I use the following command for valgrind
valgrind --leak-check=yes python selfplay.py \
--save_dir exps/run2 \
--method iql \
--num_thread 10 \
--num_game_per_thread 1 \
--sad 1 \
--act_base_eps 0.1 \
--act_eps_alpha 7 \
--lr 6.25e-05 \
--eps 1.5e-05 \
--grad_clip 5 \
--gamma 0.999 \
--seed 1 \
--batchsize 128 \
--burn_in_frames 500 \
--replay_buffer_size 2000 \
--epoch_len 40 \
--priority_exponent 0.9 \
--priority_weight 0.6 \
--train_bomb 0 \
--eval_bomb 0 \
--num_player 2 \
--rnn_hid_dim 512 \
--act_device cuda:1 \
--shuffle_color 1 \
Ok I will keep investigating.
Hi @hengyuan-hu , any new causes for memory leak from your investigation? Thanks a lot!
Btw, just noticed an one-line bug here : https://github.com/facebookresearch/hanabi_SAD/blob/master/pyhanabi/eval.py#L23, assert agents is None or runnes is None
to assert agents is None or runners is None
Thanks for the catch. I still don't know the reason yet. I have been playing with some re-structuring to reduce number of unnecessary tensor creations but have not find a solution.
Hi @hengyuan-hu ,
Did you find the fix for this? I must admit that it really gets in the way of running many experiments :(
Have you tried disable evaluation all together? i.e. comment out the code between https://github.com/facebookresearch/hanabi_SAD/blob/502d6a7a52028511704c944dffe1945194e10c3a/pyhanabi/selfplay.py#L254 and https://github.com/facebookresearch/hanabi_SAD/blob/502d6a7a52028511704c944dffe1945194e10c3a/pyhanabi/selfplay.py#L280
I tried and it seems that the memory usage is much more stable. My log looks like this:
available: 487.312 GB, used: 13.205 GB, free: 71.491 GB
available: 458.186 GB, used: 42.330 GB, free: 42.365 GB
available: 444.263 GB, used: 56.253 GB, free: 28.442 GB
available: 442.553 GB, used: 57.964 GB, free: 26.732 GB
available: 439.811 GB, used: 60.706 GB, free: 23.990 GB
available: 437.909 GB, used: 62.607 GB, free: 22.088 GB
available: 435.967 GB, used: 64.550 GB, free: 20.146 GB
available: 434.478 GB, used: 66.039 GB, free: 18.657 GB
available: 433.859 GB, used: 66.658 GB, free: 18.038 GB
available: 430.868 GB, used: 69.648 GB, free: 15.047 GB
available: 427.315 GB, used: 73.202 GB, free: 11.493 GB
available: 426.282 GB, used: 74.234 GB, free: 10.461 GB
available: 425.921 GB, used: 74.596 GB, free: 10.099 GB
available: 425.675 GB, used: 74.842 GB, free: 9.853 GB
available: 425.534 GB, used: 74.983 GB, free: 9.712 GB
available: 425.296 GB, used: 75.220 GB, free: 9.475 GB
available: 425.184 GB, used: 75.333 GB, free: 9.362 GB
available: 425.143 GB, used: 75.374 GB, free: 9.321 GB
available: 425.053 GB, used: 75.464 GB, free: 9.231 GB
available: 424.898 GB, used: 75.618 GB, free: 9.076 GB
available: 424.827 GB, used: 75.689 GB, free: 9.005 GB
available: 424.831 GB, used: 75.685 GB, free: 9.009 GB
available: 424.790 GB, used: 75.727 GB, free: 8.968 GB
available: 424.838 GB, used: 75.679 GB, free: 9.016 GB
available: 424.841 GB, used: 75.675 GB, free: 9.019 GB
available: 424.835 GB, used: 75.681 GB, free: 9.013 GB
There are 1000 gradient steps between each line.

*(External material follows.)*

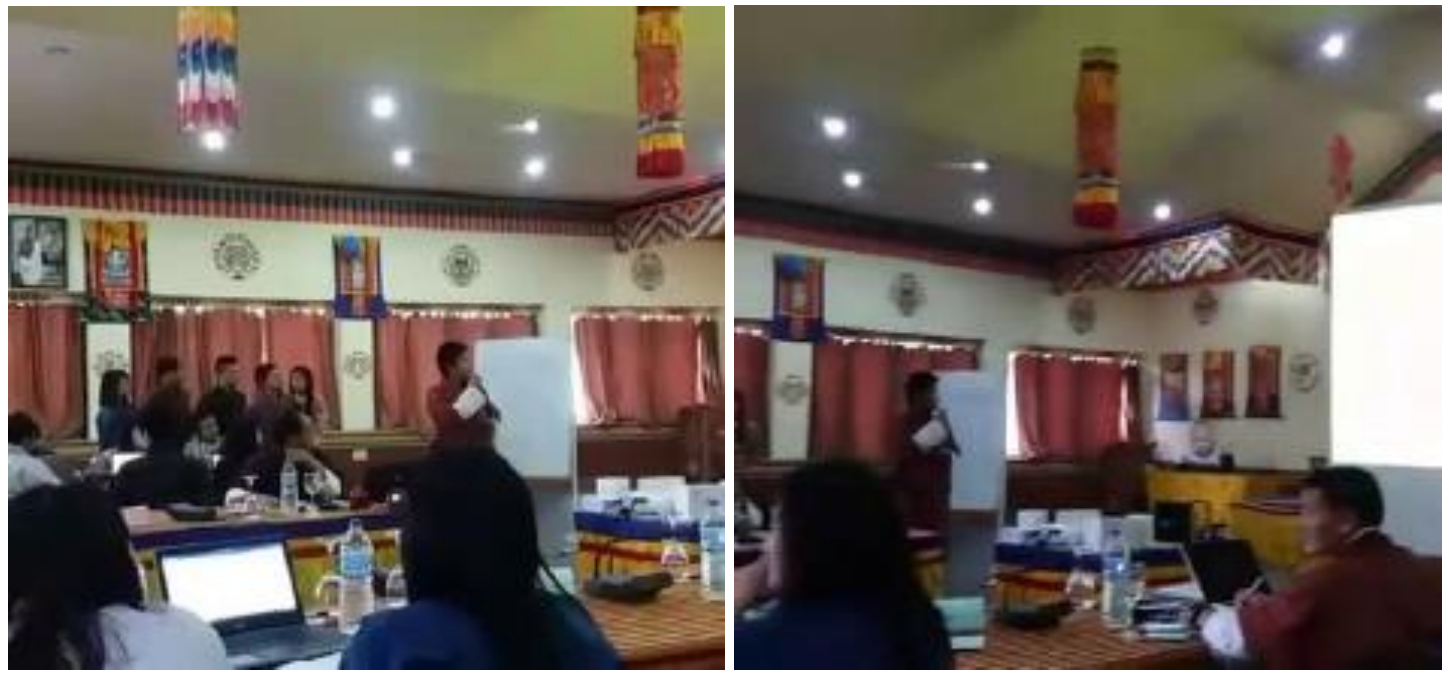
Figure 2: Presentation on Conservation Importance of Cave Biodiversity made during meeting with the students and other officials.

The study recorded several threats and disturbances created by the local community of Khoma. The waste disposal in the habitat area were prominent in most of the locations.

I don't have a better fix for the evaluation for now. But I would suggest disable evaluation at training time, save models per 1K gradient steps and have another script just to evaluate all the models.
That's a good suggestion, let me try that out :)
Hello, Thanks a lot for updating the installation process. I am able to successfully build it. However, when I run
dev.sh
, my job gets killed after some epochs. I made sure that I have 2 gpus, I added cuda:0 and cuda:1 to the script, and I addedexport OMP_NUM_THREADS=1
as well. But the log is still like this:It seems there is a memory leakage somewhere because free memory is reduced quickly after every epoch. Any idea what could be the reason? Thanks in advance for your help.